Copy the lines of the data below exactly, starting at the first and stopping after the line that contains "После авторизации, вы"; include no pictures.

(DATA TO PROCESS)

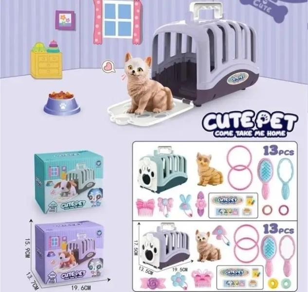 Odkryj świat opieki nad zwierzakami z zestawem "CUTE PET - COME TAKE ME HOME"! Ten uroczy zestaw zawiera wszystko, czego potrzebuje mały opiekun, by dbać o swojego pupila. Centralnym elementem jest realistycznie wyglądający kotek, który może podróżować w stylowym transporterze. Transporter, dostępny w delikatnym błękicie lub uroczym fiolecie, jest nie tylko praktycznym, ale i estetycznym elementem zestawu. W komplecie znajdziesz również szeroki wybór akcesoriów, takich jak miseczka na jedzenie, szczotka do pielęgnacji, lusterko, a także różnorodne spinki i gumki do stylizacji futerka kotka. Zestaw składa się z 13 elementów, zapewniając bogactwo możliwości zabawy. Jest to doskonała propozycja dla dzieci, które uwielbiają bawić się w odgrywanie ról i marzą o własnym pupilu. Rozwija wyobraźnię, empatię i uczy odpowiedzialności. Wymiary opakowania to około 19,6 cm długości, 13,7 cm szerokości i 15,9 cm wysokości, co sprawia, że jest to również świetny pomysł na prezent.
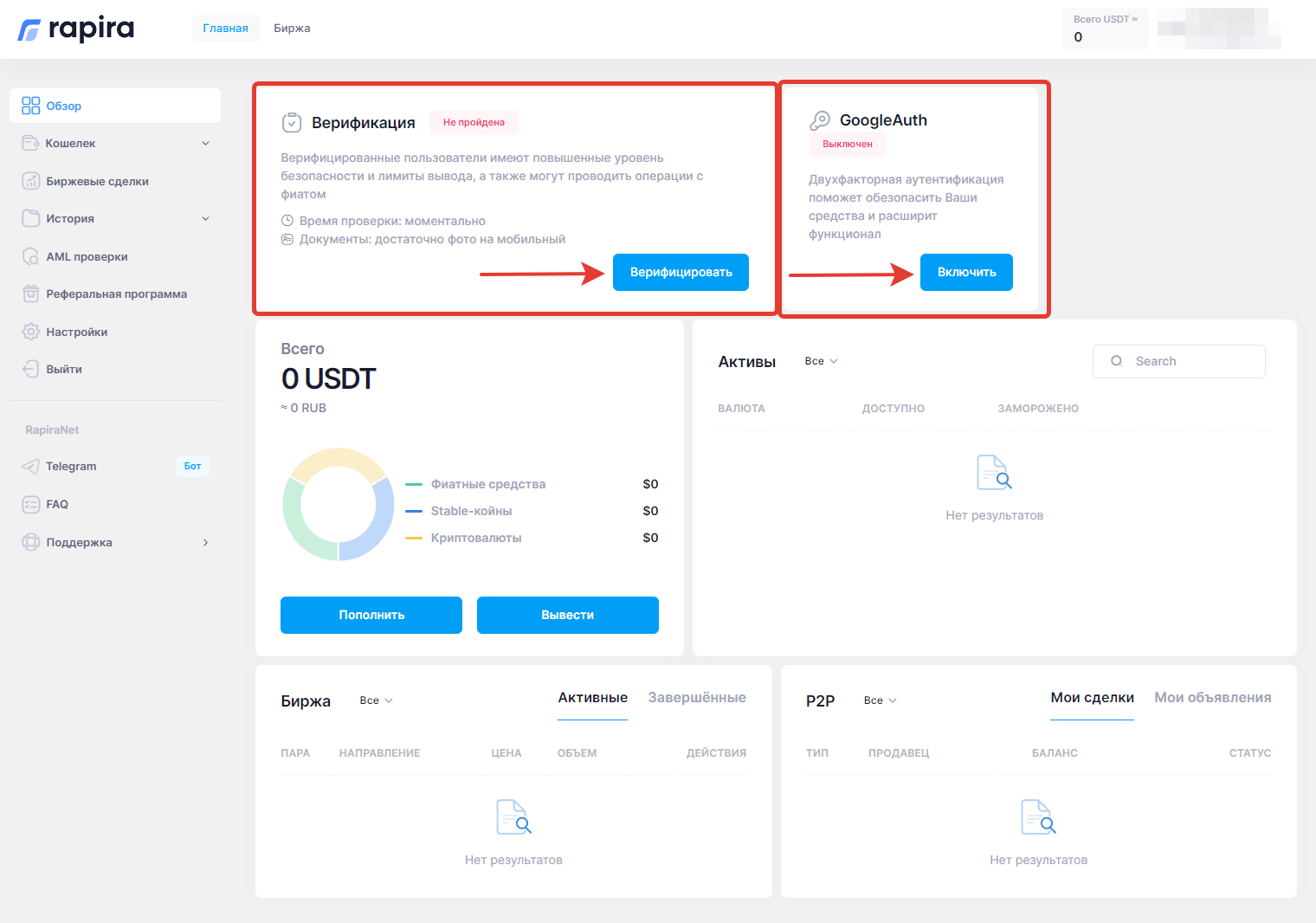 После авторизации, вы сразу попадете в раздел **"Обзор"**, где в первую очередь вам необходимо пройти верификацию а также активировать **Google Authenticator**.
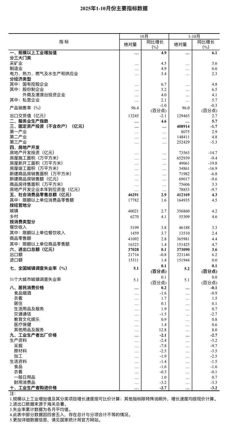 新京报讯 据国家统计局报道,10月份,在以习近平同志为首的党中央坚强领导下,各地区、各部门忠实落实党中央、国务院决策部署,坚持稳中求进大势,加大稳就业、稳企业、稳市场、稳预期力度,深化全国统一市场建设,积极推动国内国际双循环。生产供给基本稳定,就业总体稳定,物价好转,新的增长动力不断涌现,国民经济总体保持平稳、持续、进步的发展态势。一、工业生产持续增长,装备制造业和高技术制造业增长较好。总体上看,工业增加值高于全国指定规模比去年同月增长4.9%,比上月增长0.17%。分三类增加值看,采矿业增长4.5%,制造业增长4.9%,电力、热力、燃气及水生产和供应业增长5.4%。装备制造业增加值比上年增长8.0%,高技术制造业增加值增长7.2%,分别超过规模以上工业增加值3.1个和2.3个百分点。分经济类型看,国有企业增加值比上年增长6.7%。有限公司上涨5.2%。外资及港澳台商投资企业增长4.0%。民营企业增长2.1%。产品端,3D打印设备、新能源汽车、工业机器人产量增长分别比上年增长30.8%、19.3%和17.9%。 1-10月,全国规模以上工业增加值同比增长6.1%。 10月份,制造业采购经理人指数为49.0%,企业生产经营活动预期指数为52.8%。 1-9月份,规模以上国有工业企业实现利润总额53732亿元,比去年同期增长3.2%。二、服务业稳定增长,现代服务业发展顺利。 10月份全国服务业生产指数比去年同月增长4.6%。分行业看,信息和通信业、软件和信息技术服务业、商务和租赁服务业、金融业生产指数比上年分别增长13.0%、8.2%和5.6%分别高于上年服务业生产指数8.4%、3.6%和1.0个百分点。 1-10月家政服务业学生工业指数比去年同期增长5.7%。 1-9月,规模以上服务业企业营业利润同比增长7.6%。 10月份服务业商务活动指数为50.2%,服务业商务活动预期指数为56.1%。其中,铁路运输、航空运输、邮政、住宿、文化体育娱乐等行业蓬勃发展,商务活动率高达60.0%以上。三、市场销售规模扩大,服务零售增速加快。 10月份社会消费品零售总额46291亿元,同比增长2.9%。与之前相比月上涨0.16%。按经营单位所在地分,城镇消费品零售额40021亿元,比上年增长2.7%。全年社会消费品零售总额6270亿元,增长4.1%。按消费类型分,商品零售额4109.2亿元,增长2.8%。餐饮收入增长3.8%为5199亿元。基本生活品类和部分奢侈品品类消费快速增长。粮食、石油、食品、通讯器材、文化文具、限额以上体育休闲用品零售额比上年分别增长9.1%、23.2%、13.5%和10.1%。 1-10月,社会消费品零售总额412169亿元,比去年同期增长4.3%。国内网络零售额127916亿元,比上年增长9.6%。其中,实物商品网上零售额103984亿元,增长6.3%,占社会消费品零售总额的比重为25.2%。 1-10月服务业零售额同比增长5.3%,比前三季度提高0.1个百分点。其中,文化体育休闲服务、通信信息服务、旅游咨询和租赁服务、交通运输服务零售额快速增长。四、固定资产投资同比下降,但制造业投资继续增长。 1-10月,全国固定资产投资(不含农户)408914亿元,比上年下降1.7%。全国固定资产投资(不含房地产开发投资)增长1.7%。分行业看,基础设施投资比上年下降0.1%,制造业投资增长2.7%,房地产开发投资下降14.7%。全国新建商品住宅销售面积71982万平方米,比上年下降6.8%。新建商品住宅房屋销售额691.7万元,下降9.6%。不含房地产开发投资的民间投资增长4.8%。 0.2%。高技术产业中,信息服务业、航空航天及设备制造业、计算机及办公设备制造业投资同比分别增长32.7%、19.7%和4.1%。 10月份固定资产投资(不含农户)环比下降1.62%。五、货物进出口保持增长,商贸结构持续优化。 10月份货物进出口总额37028亿元,比去年同月增长0.1%。其中,出口额21716亿元,下降0.8%。 1-10月,货物进出口总额373.09亿元,比去年同期增长3.6%。其中,出口221146亿元,增长6.2%。进口151944亿元,与上年持平。 1-10月,一般贸易进出口增长2.3%,占进出口总额的63.4%。对共建“一带一路”国家进出口增长5.9%。私营企业进出口增长7.2%,占进出口总额的57.0%,比上年同期提高1.9个百分点。机电产品出口增长8.7%,占出口总额的60.7%。 6.就业情势は概ね率は1月から10月にかけて低业率の全国平均は5.2%となっている。据10月份全国城镇调查显示,失业率为5.1%,比上月下降0.1个百分点。调查的当地登记劳动力失业率为5.3%。农民工登记失业率为4.7%,其中农民工登记失业率为4.5%。 31个大城市调查城镇失业率为5.1%,比上月下降0.1个百分点。全国公司员工平均每周工作48.4小时。七、居民消费价格由降转升,工业生产价格降幅收窄。 10月份全国居民消费价格指数(CPI)同比上涨0.2%,上月为下降0.3%。分行业看,食品烟酒价格比上年下降1.6%。居住上涨0.1%,生活必需品及服务价格上涨1.9%,交通和通信价格下降1.5%,教育文化消费价格文化娱乐价格上涨0.9%,医疗保健价格上涨1.4%,其他商品和服务价格上涨12.8%。食品烟酒价格中,猪肉价格下降16.0%,鲜菜价格下降7.3%,鲜果价格下降2.0%,粮食价格下降0.7%。扣除食品和能源价格的核心CPI同比上涨1.2%,涨幅比上月扩大0.2个点。 1-10月全国居民消费价格比去年同期下降0.1%。 10月份全国工业生产者出厂价格比去年同月下降2.1%,降幅比上月收窄0.2个百分点,环比上涨0.1%。国内工业生产者购进价格比上年下降2.7%,降幅收窄0.4个百分点,比上月上涨0.1%。 1-10月工厂出货价格及全国工业生产者购进价格同比分别下降2.7%和3.2%
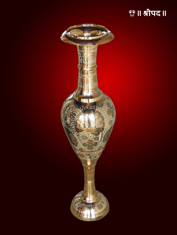 A 35-inch brass flower pot or vase is an elegant addition to any home or garden, blending traditional craftsmanship with aesthetic charm. In Indian homes, brass holds immense significance due to its spiritual and Vastu benefits. According to Vastu Shastra, placing a brass vase in the north or east direction attracts positive energy, prosperity, and harmony. The golden hue of brass symbolizes wealth and good fortune, making it ideal for enhancing financial stability.
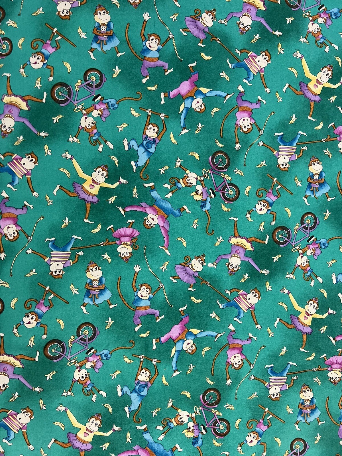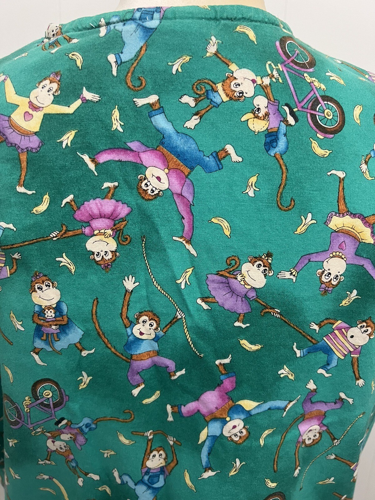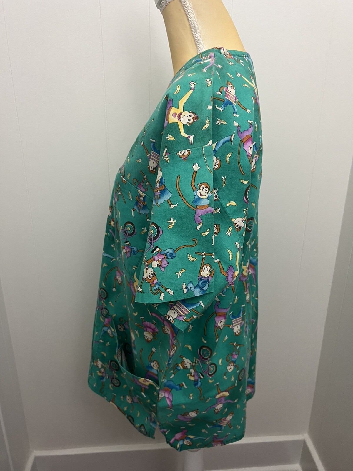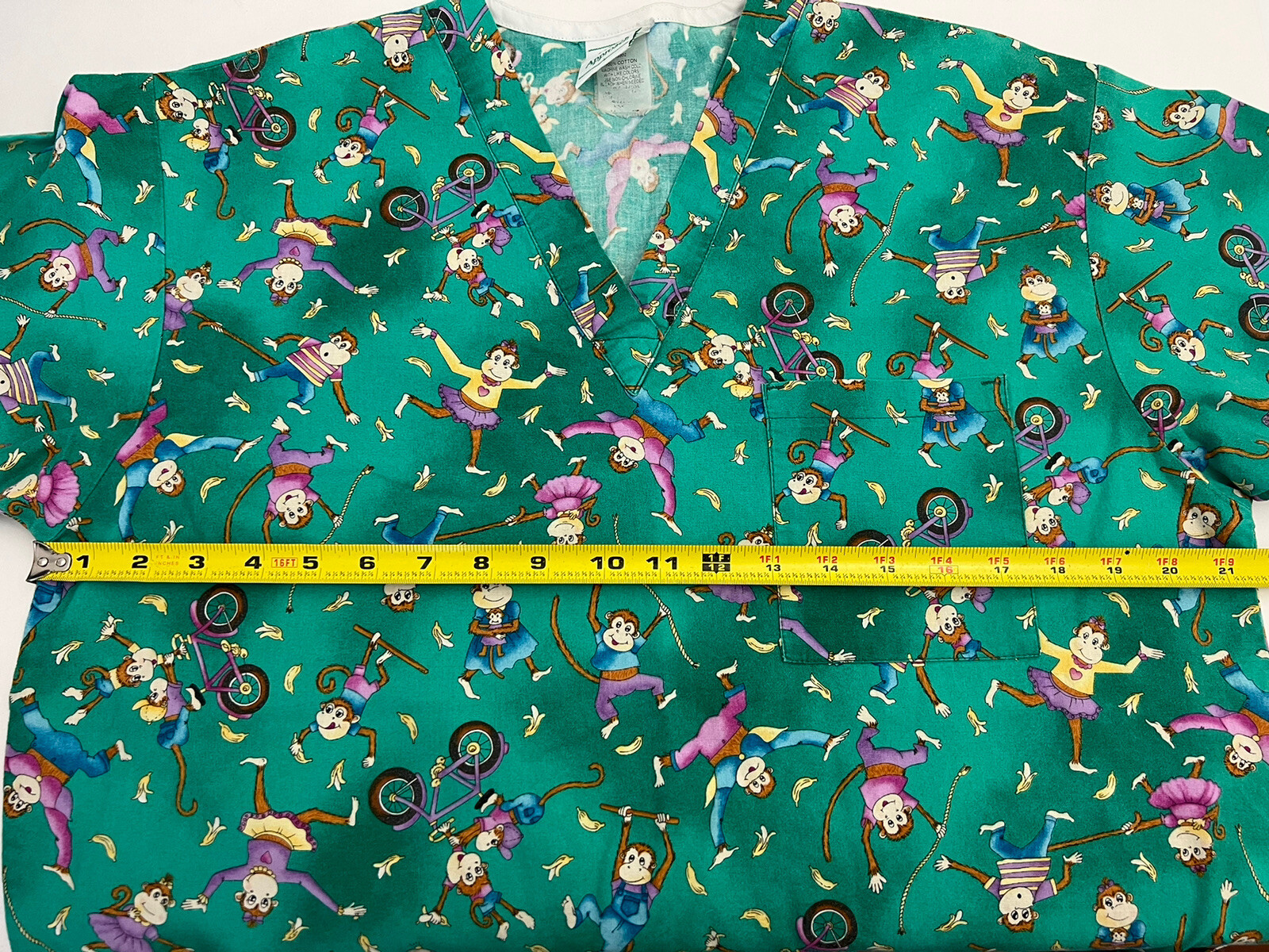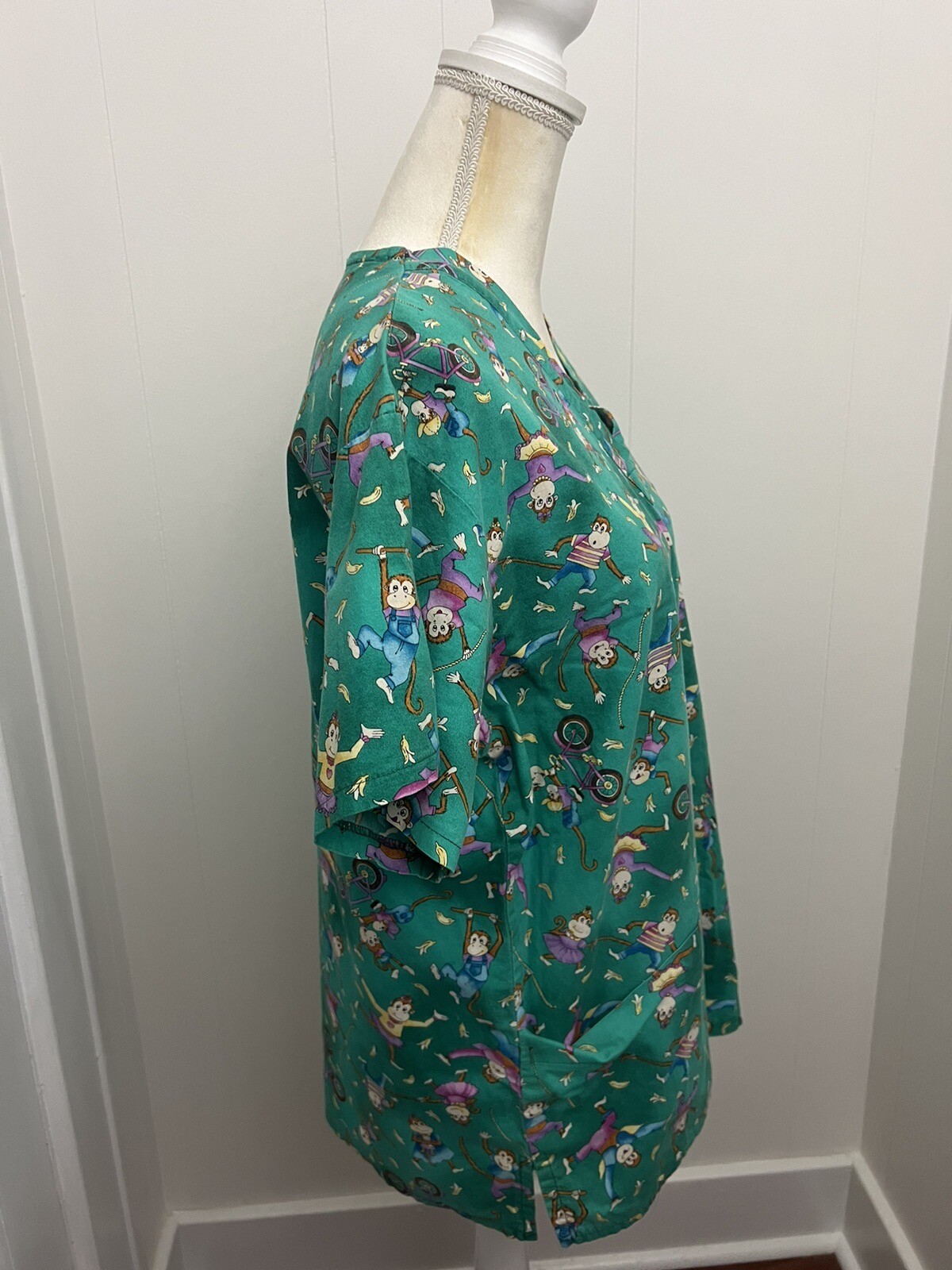 Fresh Approach Monkey Scrub Top Size Medium Monkeys Play Bananas Green Medical

(End DATA TO PROCESS)

◆ THE COMPLETED TASK:
 Odkryj świat opieki nad zwierzakami z zestawem "CUTE PET - COME TAKE ME HOME"! Ten uroczy zestaw zawiera wszystko, czego potrzebuje mały opiekun, by dbać o swojego pupila. Centralnym elementem jest realistycznie wyglądający kotek, który może podróżować w stylowym transporterze. Transporter, dostępny w delikatnym błękicie lub uroczym fiolecie, jest nie tylko praktycznym, ale i estetycznym elementem zestawu. W komplecie znajdziesz również szeroki wybór akcesoriów, takich jak miseczka na jedzenie, szczotka do pielęgnacji, lusterko, a także różnorodne spinki i gumki do stylizacji futerka kotka. Zestaw składa się z 13 elementów, zapewniając bogactwo możliwości zabawy. Jest to doskonała propozycja dla dzieci, które uwielbiają bawić się w odgrywanie ról i marzą o własnym pupilu. Rozwija wyobraźnię, empatię i uczy odpowiedzialności. Wymiary opakowania to około 19,6 cm długości, 13,7 cm szerokości i 15,9 cm wysokości, co sprawia, że jest to również świetny pomysł na prezent.
 После авторизации, вы сразу попадете в раздел **"Обзор"**, где в первую очередь вам необходимо пройти верификацию а также активировать **Google Authenticator**.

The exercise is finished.